One thing united them: Baghdad's fragile power grid, always rickety but even worse since a major insurgent attack Friday knocked out almost the entire system. Workers were still trying to get it back up to speed, and power blinked in and out several times in the two neighborhoods while the trial was being televised.

Shiite housewife Sabiha Hassan's entire family leaped up and rushed to their private generator when the screen went dead half an hour into the trial. 'Thank God, I brought extra fuel today just for the occasion,' said her husband, Salman Zaboun Shanan, as he filled the generator's tank.

Otherwise, the couple and their two sons didn't move from the concrete floor where they sat within a yard of the screen for the length of the three-hour session. Shanan, a construction worker, stayed home from work to watch. One son, Hadi, a cleric, missed a seminary exam.

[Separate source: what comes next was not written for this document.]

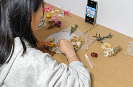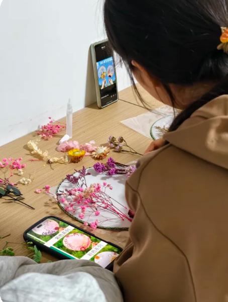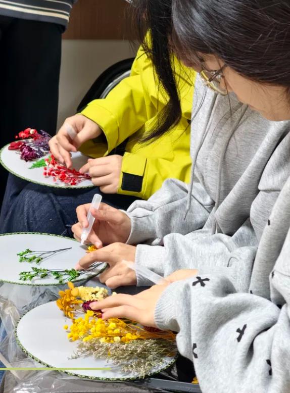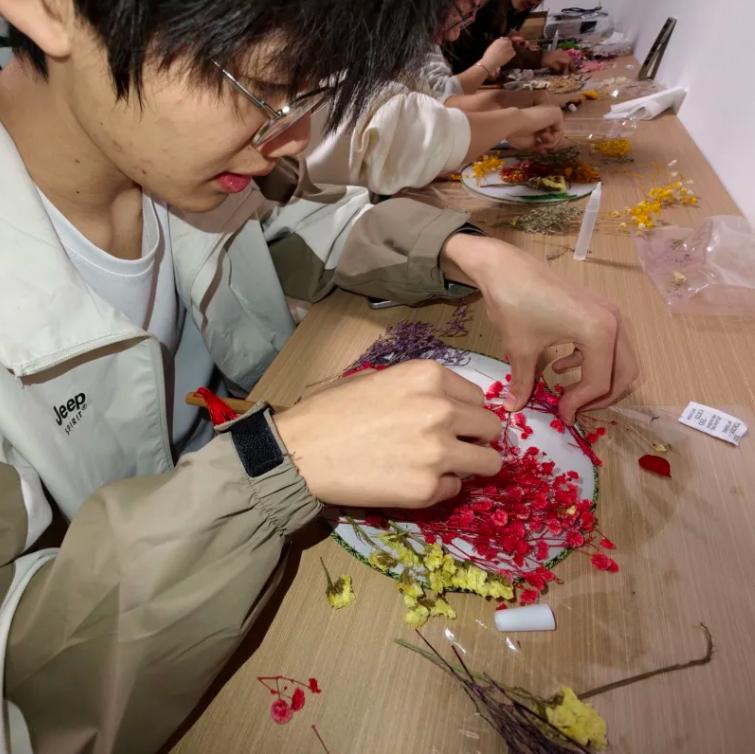 活动现场,空白团扇、色彩缤纷的永生花材专用胶水、镊子等工具整齐摆放,等待同学们的创意绽放。从构思构图到搭配花材,从 小心翼翼粘贴到调整细节,同学们沉浸在手作的乐趣中,用一双双巧手赋予素扇全新的生命

Hassan's brother was executed by Saddam's regime, and she, her husband and five of their sons spent time in Saddam's prisons. They kept up a running commentary on the trial. 'May God break his legs to pieces,' Hassan, in a black robe and veil, said when Saddam stood at one point.

'Iraq's soil has its pride. It won't accept Saddam's body once they execute him. I hope they throw his body to the dogs, not bury it,' said Shanan, slapping his fist into his palm nervously."